History

United States
- Name: USS Maquinna (YTB-225)
- Builder: John Trumpy & Sons Inc., Gloucester City, NJ
- Launched: 30 April 1944
- Sponsored by: Mrs. Margaret O. Trumpy
- Commissioned: 19 September 1944
- Reclassified: YTB‑225 15 May 1944
- Stricken: 29 October 1946
- Fate: presented as a gift to Washington, D.C.

General characteristics
- Class & type: Cahto-class district harbor tug
- Displacement: 410 long tons (417 t)
- Length: 110 ft 0 in (33.53 m)
- Beam: 27 ft 0 in (8.23 m)
- Draft: 11 ft 4 in (3.45 m)
- Speed: 12 knots (22 km/h; 14 mph)
- Complement: 12
- Armament: 2 × .50-caliber machine guns

= USS Maquinna =

Tugboat of the United States Navy

 was launched 30 April 1944 by John Trumpy & Sons, Inc., Gloucester City, New Jersey; sponsored by Mrs.
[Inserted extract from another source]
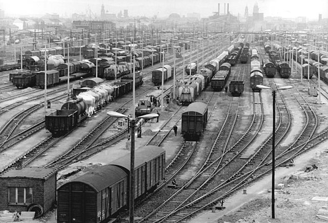 In the dimly lit control room atop the freight yard control tower, the night shift yard attendant took a bite from his bierwurst sandwich, looked up from his newspaper and glanced out into the night. Through the mist in the distance, he saw a group of six men converge, exchange some words and salutes, then separate. Four men stalked off towards town, two towards the wharves along the Rhine. They appeared to have sacks slung over their shoulders. One of them, a giant of a man, carried two sacks. “Coppers are potato thieves now, go figure,” he muttered to himself. He turned his eyes back to the rugby scores.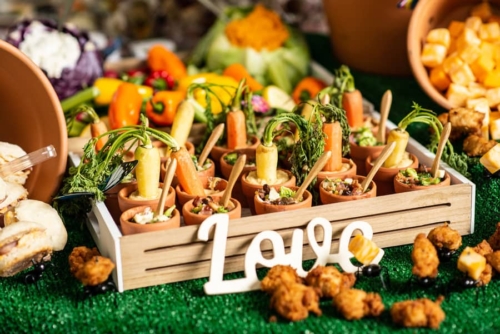 Photographer’s Comments: “Katie and Jeremy have an insanely creative family who helped them put together one of the most imaginative wedding spreads that we have ever photographed. “There were so many details that we could have spent the entire wedding just photographing that. Their flowers were from a local farmer’s market and Jeremy’s mom and sister created all of the food based works of art. It was an evening full of color, flavor, whimsy, and fun.”About This Wedding

Margaret O. Trumpy; reclassified YTB‑225 15 May 1944; and commissioned 19 September 1944.

Maquinna served the duration of the war within the Potomac River Naval Command. Struck from the Navy list 29 October 1946, she was presented as a gift to Washington, D.C., where for 13 years she saw service with the Fire Department as William T. Belt.